Transforming societies
A few days after the nation celebrated Heroes’ Day, five individuals and a group were honored for their contributions to society that like heroic acts are worth emulating.
Last Thursday, the 2017 Ramon Magsaysay Awards were formally conferred on Yoshiaki Ishizawa of Japan, Lilia de Lima of the Philippines, Abdon Nababan of Indonesia, Gethsie Shanmugam of Sri Lanka, Tony Tay of Singapore, and the Philippine Educational Theater Association of PETA. The awards, named after the third Philippine president whose service was tragically cut in a plane accident, are seen as the Asian Nobel prize.
Ishizawa, a scholar who later became president of Sophia University in Japan, dedicated 50 years of his life to preserving a world treasure outside his country: the Angkor Wat temple complex in Cambodia, which was endangered by civil war. Working with communities and experts in the two countries, Ishizawa has helped preserve a world heritage.
De Lima is being honored for her record – rare in the Philippines – of being an honest, competent and reform-oriented public servant. The Philippine Economic Zone Authority, which she served for 21 years, became a bright spot in the scandal-prone, graft-ridden and inefficient bureaucracy, making the country attractive for job-generating investments.
Nababan, a Toba Batak from Sumatra, is recognized for his strategic role in promoting the welfare of the indigenous peoples in Indonesia. Over 24 years, he has moved to identify the IPs in his country and make them aware of their rights and heritage. His IP movement has become a major political force.
Shanmugam, a teacher in Colombo, became interested in psychology and was touched by the hidden costs of the bloody civil war in her country. Three decades of war in Sri Lanka left about 100,000 dead and hundreds of thousands more detained, tortured, abused and displaced. Shanmugan dedicated her work to counseling – and training counselors – to ease the psychosocial trauma of violence.
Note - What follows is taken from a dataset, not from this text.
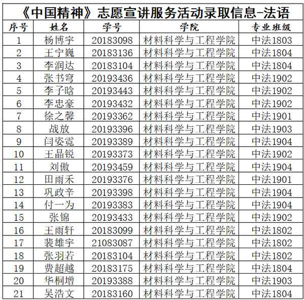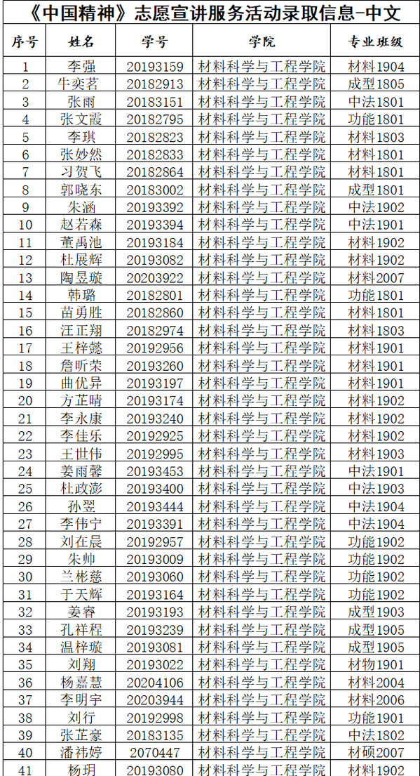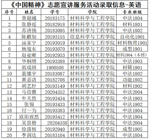 中国精神宣讲活动意在选拔优秀志愿者、讲述党史故事、传播红色基因、传承中国精神、弘扬志愿服务精神,报效伟大祖国。2021年3月21日,材料学院举办中国精神宣传志愿者选拔活动,分中、英、法三语,学院通过对志愿者思想品德、综合素质审查,以中国革命精神、雷锋精神、五四精神、脱贫攻坚精神等精神为题,通过面试和演讲等方式进行志愿者选拔。

Tay was born into poverty in prosperous Singapore and had to scrounge for food as he grew up. Through hard work, he managed to pull himself out of poverty. At 57 when his mother died, he was inspired by her work with the Canosian Sisters. In 2003 he launched a “one hot meal revolution” that was named “Willing Hearts,” providing food daily to Singapore’s abandoned or neglected elderly, persons with disabilities, the sick, low-income families, migrant workers and children of single-parent households.
PETA, now 50 years old, received the award for turning the theater arts into a force for social change, for empowering communities by raising awareness on social issues through the arts.
All these stories provide inspiration in working to transform societies for the greater good.